Uganda raises revenue bar for Africa with e-Tax system
Sunday, 22 Jan 2012
"To put matters into context, an applicant riding on a bus from Kampala to a border town 200 kilometres away can now apply for a tax identification number online, continue with their journey and drop physical copies of their application on arrival at the border town.
The following day, the same individual can then travel to a different town in Uganda and collect their Taxpayer Identification Number certificate from the satellite Uganda Revenue Authority tax office," says Vincent Ochen, a transactional banker at Stanbic Bank Uganda.
With the electronic system, clients can apply for driving permit renewals, road licences, passport fees and motor vehicle registration online.
The new system is expected to be extended to the payment of public services and other remittances such as the payment of traffic fines, court bails and other licences.

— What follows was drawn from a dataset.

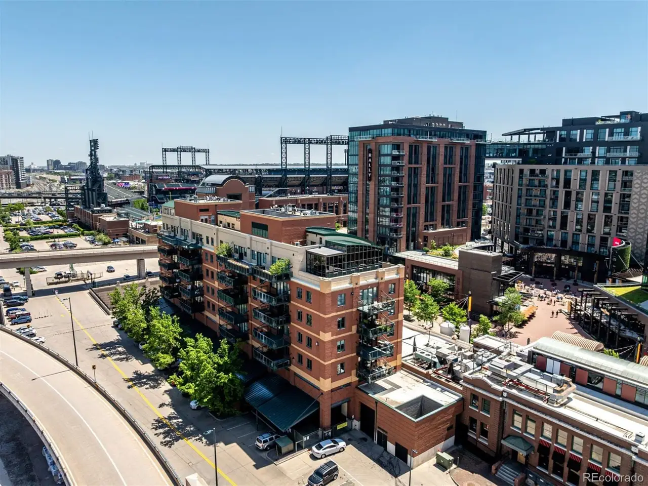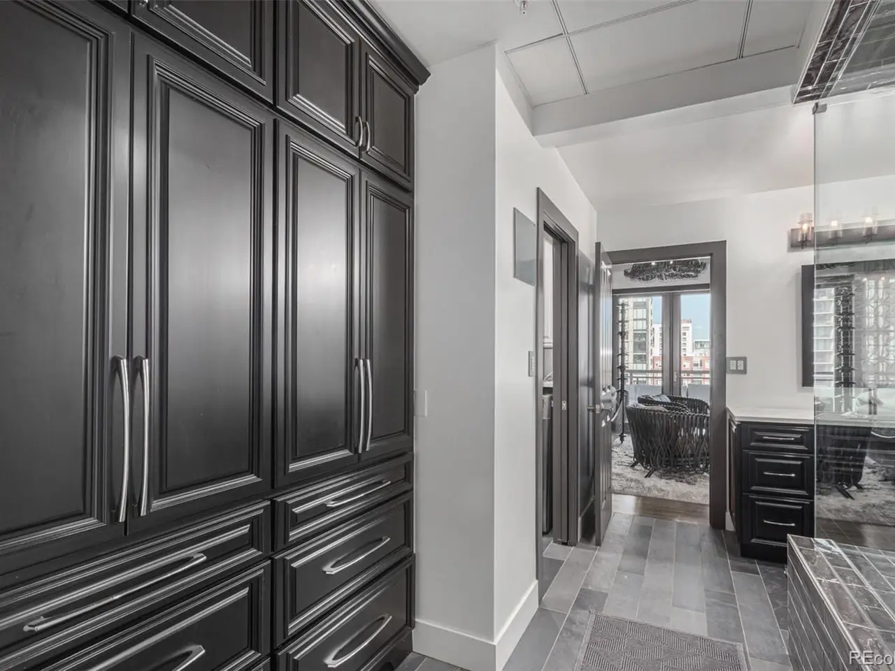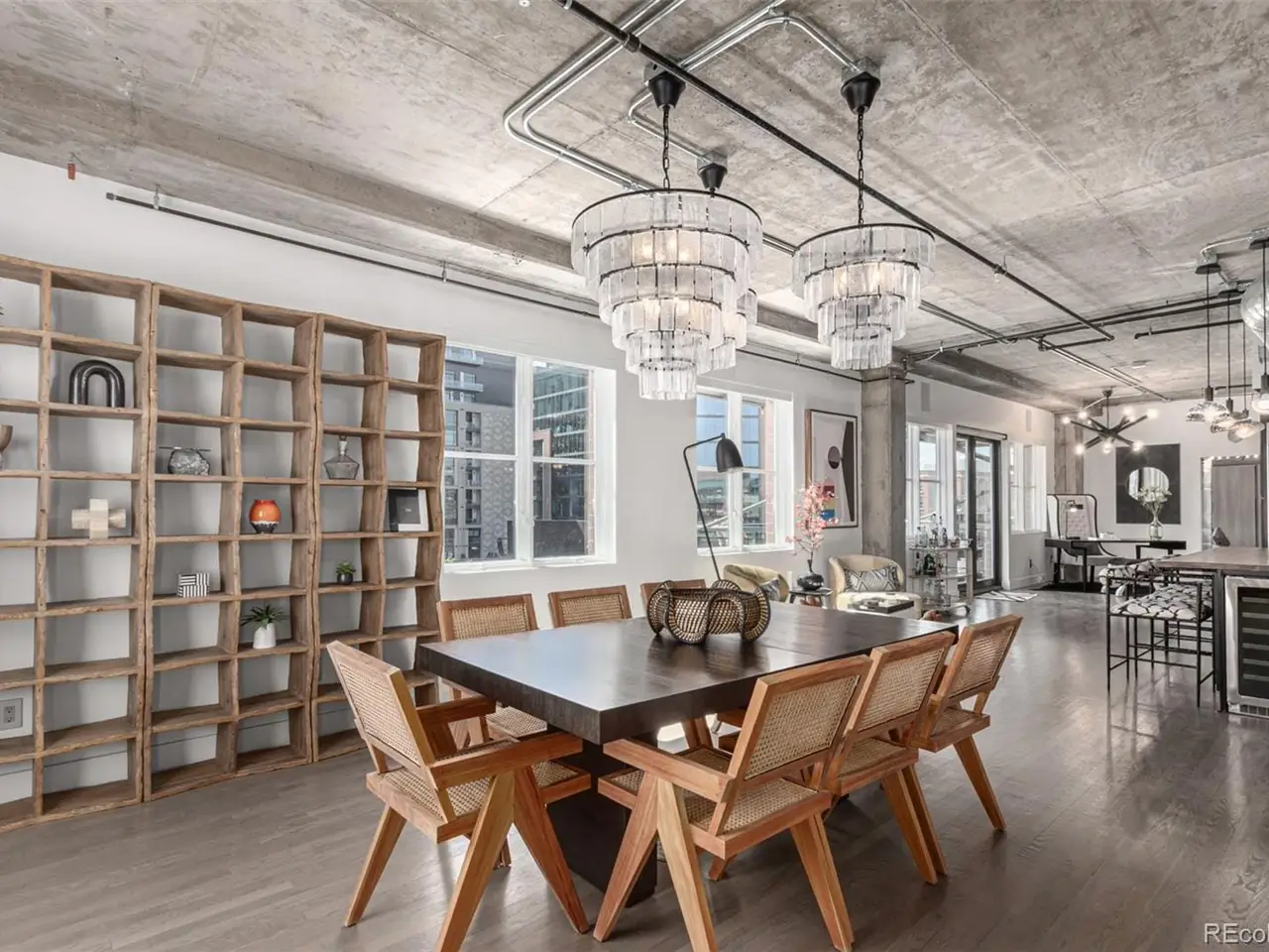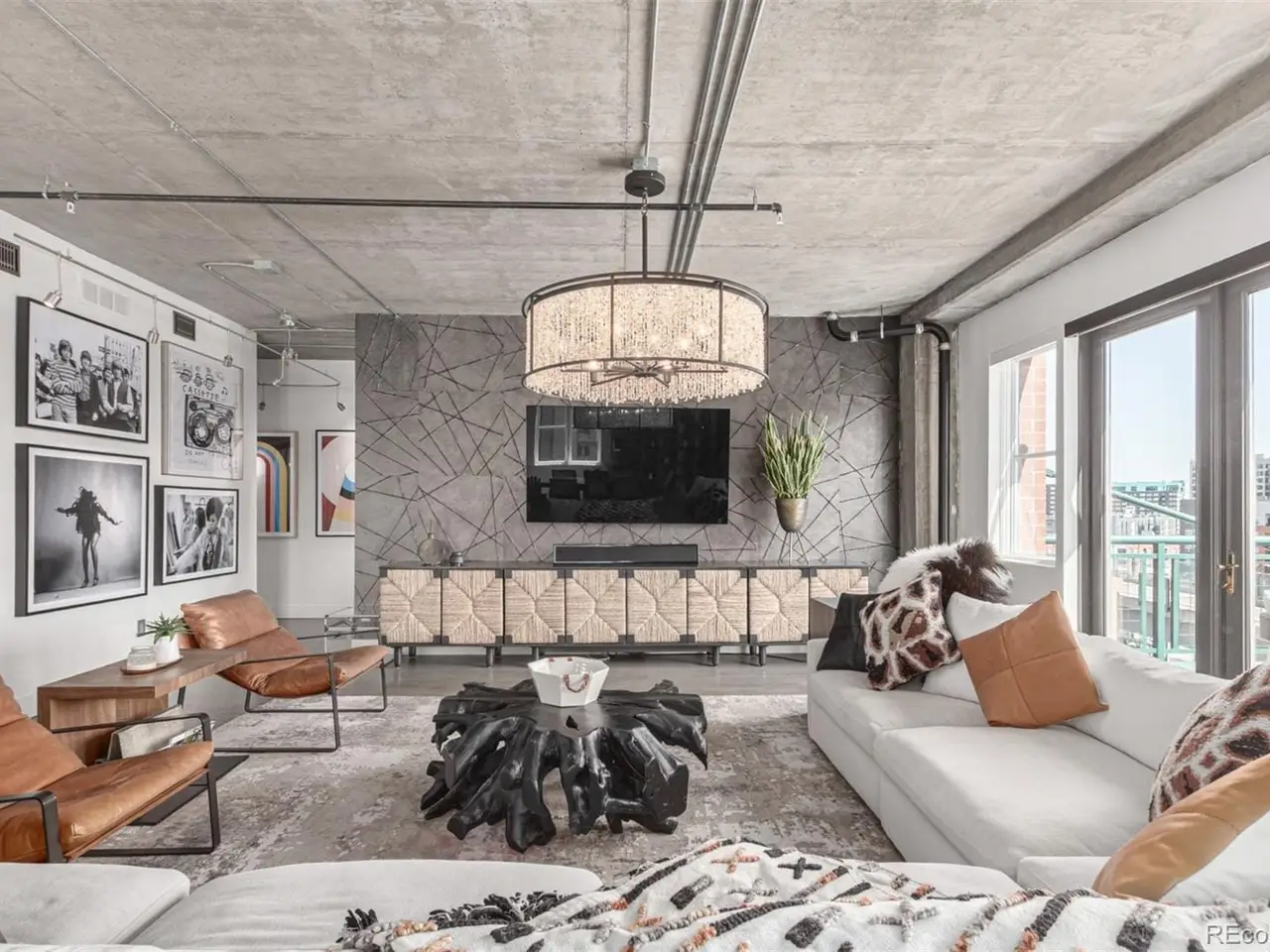Emerge from the newly upgraded elevator into a private, light-filled entry with views of McGregor Square. This welcoming space includes custom cabinetry, a Murphy bed for guests, a large metal barn door for privacy, and chic dcor with designer lighting and furnishings. Just beyond, a stylish open office features a tufted chair, desk, and whimsical stool under a custom chandelier, with a nearby guest bath showcasing designer tile, wood and stone vanity, and Delta fixtures. The chefs kitchen impresses with a 7' x 7' butcher block island, aged black cabinetry, Sharp drawer microwave, two beverage fridges, and premium Thermador appliances. Burnt red subway tile, Tan Brown granite counters, glass display cabinets, and elegant lighting create a warm, functional space. Four hammered iron bar stools complete the look. Enjoy three balconies with stunning views. The 210 sq ft covered southeast balcony features a gas firepit, water spigot, and Restoration Hardware furniture. The northeast balcony is perfect for morning coffee or fireworks over Coors Field, while the northwest balcony, private to the primary suite, offers sunset and mountain glimpses. The dining area includes a charcoal wood table for eight, three custom chandeliers, and a full-height curio. The spacious living room offers a large L-shaped sofa, leather chairs, smart TV, and crystal chandelier. The guest bedroom features blackout drapes, king bed, smart TV, and adjacent steam bath. The primary suite includes a canopy bed, sitting area, walk-in closet, blackout shades, private balcony, and spa-like bath with Euro shower, double vanity, and in-suite laundry. Includes 2 tandem garage spaces, oversized storage, all in the heart of LoDonext to Coors Field, across from McGregor Square, and just 2 blocks to Union Station and all restaurants, culture and sporting venues that Downtown has to offer. AVAILABLE FURNISHED - MOVE RIGHT IN!

In the 2010/11 fiscal year, Uganda’s government laid out an ambitious revenue target of financing 75 per cent of the national budget using domestic revenue from taxes.
But last year’s double digit inflation, high lending rates and the depreciating shilling has hit the economy hard, negatively affecting revenue collection.
According to the 2010/2011 financial year performance report released in November, Uganda Revenue Authority collected Ush2.8 trillion ($1.13 billion) in domestic taxes against an annual target of Ush2.9 trillion ($1.17 billion).